Brazil’s government managed Petrobras said its plan to more than double oil output will boost cash flow and eliminate the need to tap debt markets after about 10 years. Profits from oil sales will be enough to cover operating and debt costs starting in about 10 years, said Chief Financial Officer Almir Barbassa.
Petrobras’s exit from the bond market will increase the value of existing notes because the amount of total debt will start declining, he said.
Petrobras last Friday unveiled its plan to 224.7 billion dollars through 2015, more than any other major oil producer in the world, as it develops some of the largest discoveries in about three decades.
As part of the plan, the company said it will raise as much as 91 billion dollars in debt and 13.6 billion dollars through asset sales and cost cuts.
“Cash flow will be enough to pay debt amortizations and the investments we will have,” Barbassa said. “Few companies in the world can say this.”

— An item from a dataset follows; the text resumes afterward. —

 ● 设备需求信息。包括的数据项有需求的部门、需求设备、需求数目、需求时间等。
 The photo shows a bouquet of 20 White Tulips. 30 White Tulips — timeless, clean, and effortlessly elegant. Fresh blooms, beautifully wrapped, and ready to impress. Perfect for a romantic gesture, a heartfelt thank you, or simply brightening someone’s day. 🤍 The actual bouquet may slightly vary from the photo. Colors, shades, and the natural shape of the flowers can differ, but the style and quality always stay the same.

Petrobras is wrapping up the sale of a 50% stake of a block in Tanzania for about 100 million dollars, he said. The company hasn’t specified what other assets it plans to sell.
Petrobras aims to increase daily output to 4 million barrels of oil and equivalents by 2015 and to 6.4 million barrels by 2020. Output averaged 2.64 million barrels a day in June.

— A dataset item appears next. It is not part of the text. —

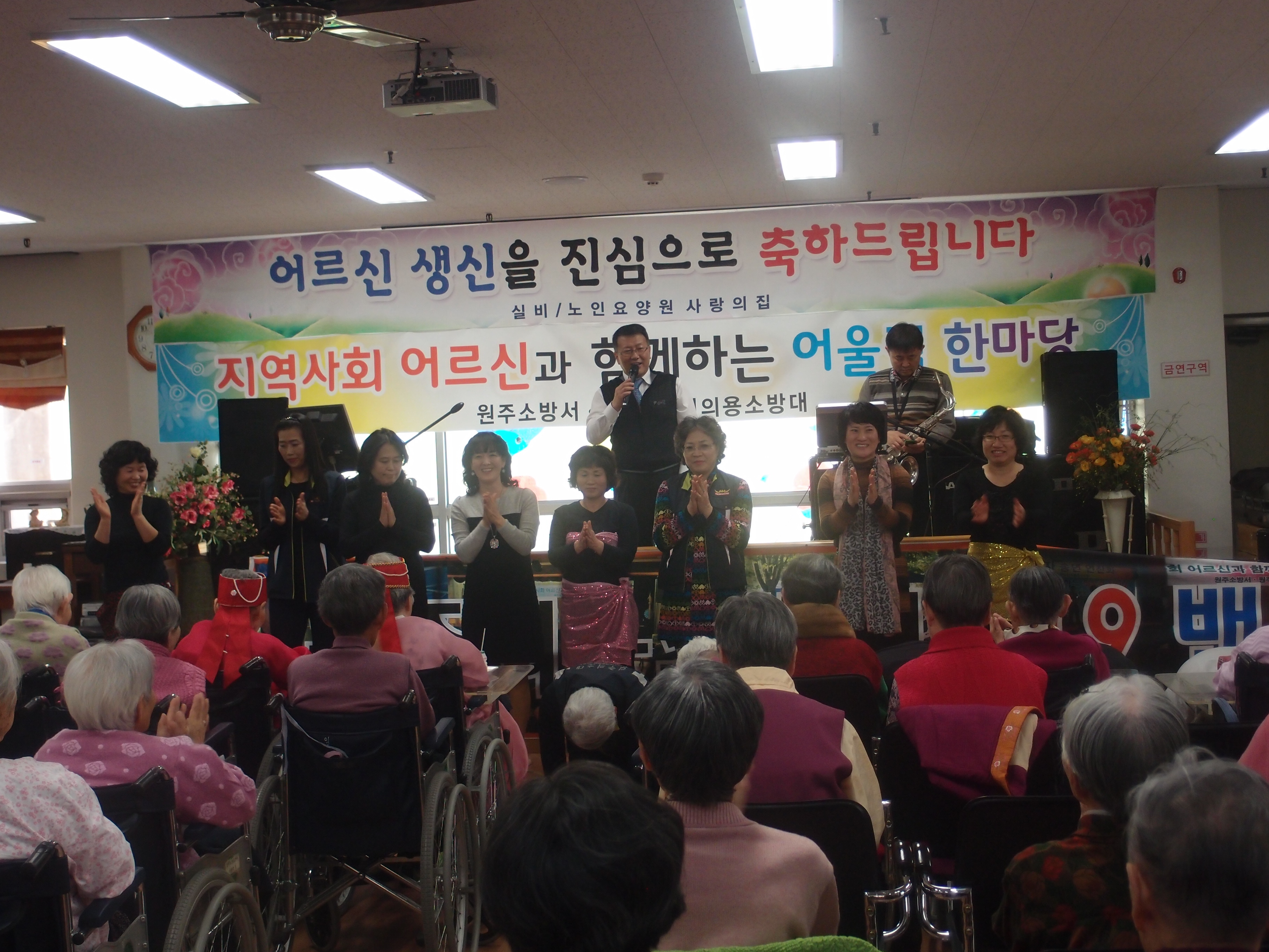 대원들의 노래와 율동으로 어르신들을 즐겁게 해드렸습니다.

Under the five-year investment plan, the oil producer will raise as much as 12 billion dollars a year in net debt, excluding amortization costs. Total debt as a percentage of equity will increase to as much as 35% by the end of 2015, up from 17% at the end of the first quarter.
The 224.7 billion dollars program will invest 57% in the exploration and production segment; new projects in E&P account for 87% of total new projects spending and about 95% of the total spending is to be in Brazil.
The E&P segment spend will total 127.5 billion, of which 117.7bn will be allocated to Brazil, 65% for production development, 18% for exploration, and 17% for infrastructure. The pre-salt areas will absorb 45% of the total E&P investment in Brazil and approximately 50% of the total amount allocated for the production development.
The participation of the pre-salt in the total oil domestic production will increase from 2% in 2011 to 40.5% in 2020.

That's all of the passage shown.